Jechał 26 km/h za szybko, mimo że jezdnia była mokra, a scania miała niesprawny układ hamulcowy. Na łuku krajowej 19-stki Leszek Ł. zaczął gwałtownie hamować. Chciał uniknąć zderzenia z osobówką. Tir obrócił się wokół własnej osi i stanął w poprzek drogi. Hyundai z impetem uderzył w tył naczepy. 43-latek i 50-letni pasażer zginęli na miejscu.

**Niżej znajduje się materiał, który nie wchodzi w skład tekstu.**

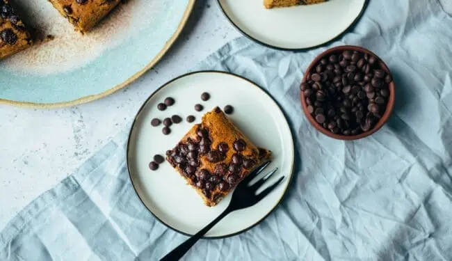 Unglaublich leckere Blondies mit feinen Schokostücken, Buchweizenmehl und Mandelmus

To fakty, z którymi nikt nie polemizuje. Ale oskarżony twierdzi, że o niesprawnych hamulcach nic nie wiedział. Pojazd miał przecież aktualne badania techniczne i mechanizmy, które miały ostrzegać przed spadkiem ciśnienia, włącznie z unieruchomieniem silnika. - Żaden z systemów nie zadziałał - przekonywał obrońca Sąd Okręgowy w Białymstoku, gdzie w czwartek ruszył proces apelacyjny.
Czy w marcu 2014 r. oskarżony z premedytacją złamał przepisy? Nawet biegli są podzieleni. „Jeśli kierowca łagodnie prowadził pojazd, wady mogły się nie ujawnić” - brzmi jedna z tez.
- Wątpliwości należy rozstrzygać na korzyść oskarżonego. Sąd rejonowy zrobił odwrotnie - podkreślał obrońca. Wnosił o warunkowe zawieszenie. - 4 lata więzienia? To kara rażą niewspółmierna - uważa.
Prokurator nie krył oburzenia. - W zestawieniu z tak tragicznymi skutkami kara jest adekwatna - mówił. - Oskarżony twierdzi, że nie widział żadnych wskaźników. Ale nie ma to znaczenia. Tego dnia przejechał 370 km. Jako doświadczony kierowca musiał odczuć niesprawny układ hamulcowy.
Leszek Ł. ma też orzeczony 4-letni zakaz prowadzenia pojazdów i po 5 tys. zł dla rodzin ofiar. Wyrok za dwa tygodnie.